SimonYip22 · SimonYip22 · commit ce86a44438cb · 2025-11-22T00:20:45.000Z
diff --git a/README.md b/README.md
@@ -65,7 +65,7 @@ Although the national standard for deterioration detection, NEWS2 has well-recog
 
 ##
 ### 1.2 Clinical Escalation Context
-### 1.2.1 How NEWS2 Scoring Is Used
+#### 1.2.1 How NEWS2 Scoring Is Used
 NEWS2 scoring bands map directly to clinical monitoring frequency and escalation actions; these operational consequences define the clinical targets we aim to predict:
 
 | NEWS2 Score                      | Clinical Risk | Monitoring Frequency                                  | Clinical Response                                                                 |
@@ -264,22 +264,24 @@ Maintaining both feature sets ensures flexibility and robustness in model select
 ### 4.2 Timestamp-Level Features (for TCN)
 **Purpose:** Capture temporal dynamics for sequential modeling
 
-#### 4.2.1 Imputation Strategy
+#### 4.2.1 Feature Computation
+
+**Imputation Strategy**
 - **Missingness flags:** Binary indicators (1/0) for each vital parameter (value carried forward=1) so models can learn from missing patterns. Before carried-forward so that it is known which values were originally missing.
 - **LOCF (Last Observation Carried Forward) flags:** Propagate previous valid measurement, and create a binary carried-forward flag (binary 1/0). 
 
-#### 4.2.2 Rolling Window Features (1/4/24h)
+**Rolling Window Features (1/4/24h)**
 - **Mean:** Average value
 - **Min/Max:** Range boundaries
 - **Std**: Variability
 - **Slope:** Linear trend coefficient
 - **AUC (Area Under Curve):** Integral of value over time
 
-#### 4.2.3 Other Features
+**Other Features**
 - **Staleness:** Time since last observation (staleness per vital)

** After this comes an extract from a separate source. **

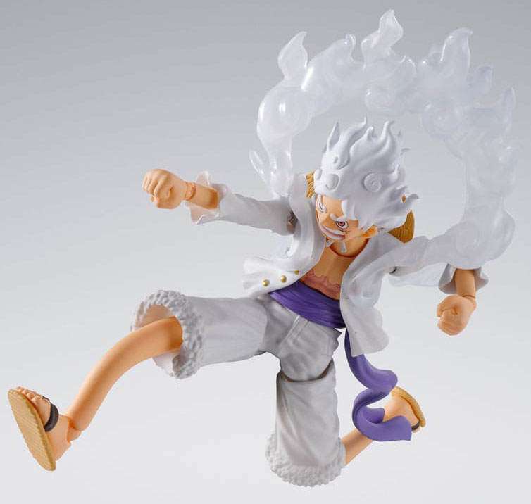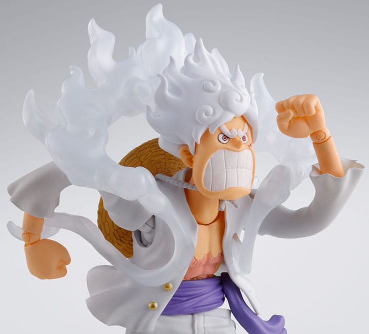 From the animated series "ONE PIECE," MONKEY.D.LUFFY -GEAR5- joins S.H.Figuarts! Featuring arms and legs with embedded wires for wild posability! Combine with lots of options, including numerous optional expressions and extended arms. to re-create dramatic moments from the show.

 - **Numeric risk encoding:** Encoded as 0 (low), 1 (medium-low), 2 (medium), 3 (high)
 
-#### 4.2.4 Output Format
+#### 4.2.2 Output Format
 - **Timestamp-level:** `news2_features_timestamp.csv`
 - ML-ready per patient per timestamp features (ordered by `subject_id` and by `charttime`).

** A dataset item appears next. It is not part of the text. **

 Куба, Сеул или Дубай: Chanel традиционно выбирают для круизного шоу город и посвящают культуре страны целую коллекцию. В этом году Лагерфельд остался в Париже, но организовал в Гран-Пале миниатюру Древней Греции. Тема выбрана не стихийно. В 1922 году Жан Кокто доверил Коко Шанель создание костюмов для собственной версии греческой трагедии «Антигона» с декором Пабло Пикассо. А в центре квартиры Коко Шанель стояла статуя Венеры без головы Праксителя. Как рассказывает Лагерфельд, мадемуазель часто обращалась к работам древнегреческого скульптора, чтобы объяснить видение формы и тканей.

 - Full time-series per patient allows modelling of temporal patterns, trends, dynamics
@@ -402,7 +404,7 @@ Maintaining both feature sets ensures flexibility and robustness in model select
 - **Targets:** Patient-level outcomes (`max_risk`, `median_risk`, `pct_time_high`).  
 - **Training approach:** Each timestep inherits the patient label → TCN maps whole sequence → patient-level prediction.  
 
-**Why not per-timestep prediction:**  
+**Why not per-timestep prediction**  
 - True sequence-to-sequence labeling would predict risk per timestep for richer early-warning capability.

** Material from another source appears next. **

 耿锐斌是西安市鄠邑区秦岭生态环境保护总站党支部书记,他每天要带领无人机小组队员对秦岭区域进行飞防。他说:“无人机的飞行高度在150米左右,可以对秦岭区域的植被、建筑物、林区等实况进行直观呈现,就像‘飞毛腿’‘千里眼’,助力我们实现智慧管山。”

 - Challenges: require detailed labels for every timestamp (rare in ICU datasets), per-timestep prediction in a small dataset is prone to overfitting and instability; and evaluation is complex.
 
@@ -495,7 +497,7 @@ Maintaining both feature sets ensures flexibility and robustness in model select
 
 ##
 ### 6.3 Hyperparameter Tuning
-### 6.3.1 Tuning Process
+#### 6.3.1 Tuning Process
 - This is the only Phase 3 component used in later phases (Phase 5 LightGBM evaluation).
 - Tuned the four parameters with the highest impact on stability and generalisation for small tabular datasets:
 	- `learning_rate` → controls step size; balances speed vs overfitting.
@@ -564,11 +566,13 @@ Maintaining both feature sets ensures flexibility and robustness in model select
 **Purpose:**
 - Build, configure, and train a causal deep-learning model that captures temporal deterioration patterns beyond what classical ML can learn.
 - Deliver a fully reproducible end-to-end pipeline: data preparation → model design → training → validation → diagnostics → refinement
-**Why This Phase Matters**
+
+**Why This Phase Matters:**
 - Classical models (e.g., LightGBM) cannot model temporal dynamics; the TCN extends the system to sequence-level reasoning
 - Initial TCN runs revealed class imbalance and regression skew, requiring corrective steps (pos-weighting, log-transform)
 - This phase demonstrates mature ML workflow: identify issues → diagnose → correct → retrain
-**End Products of Phase 4**
+
+**End Products of Phase 4:**
 - Clean model-ready preprocessed data and patient splits
 - Clean padded/masked tensor datasets for sequence modelling
 - Fully defined multi-task causal TCN architecture
@@ -613,24 +617,24 @@ Maintaining both feature sets ensures flexibility and robustness in model select
   - Add `max_risk`, `median_risk`, `pct_time_high` from patient-level data
 2. **Patient-level Stratified Split**
   - Split: Train/validation/test → 70/15/15
-	-	Stratified by the same binary risk labels used for LightGBM (see Section 6.2) → stratification prevents class imbalance, random state fixed for reproducibility 
-	-	Splitting by patient prevents leakage across sequences
+  -	Stratified by the same binary risk labels used for LightGBM (see Section 6.2) → stratification prevents class imbalance, random state fixed for reproducibility 
+  -	Splitting by patient prevents leakage across sequences
 3. **Feature Cleaning**
-	-	Identify all feature columns (exclude IDs and targets), remove unused categorical fields, convert certain labels to binary → 171 timestamp-level feaures
-	-	Separate continuous (for z-score scaling) vs binary (no scaling needed) features.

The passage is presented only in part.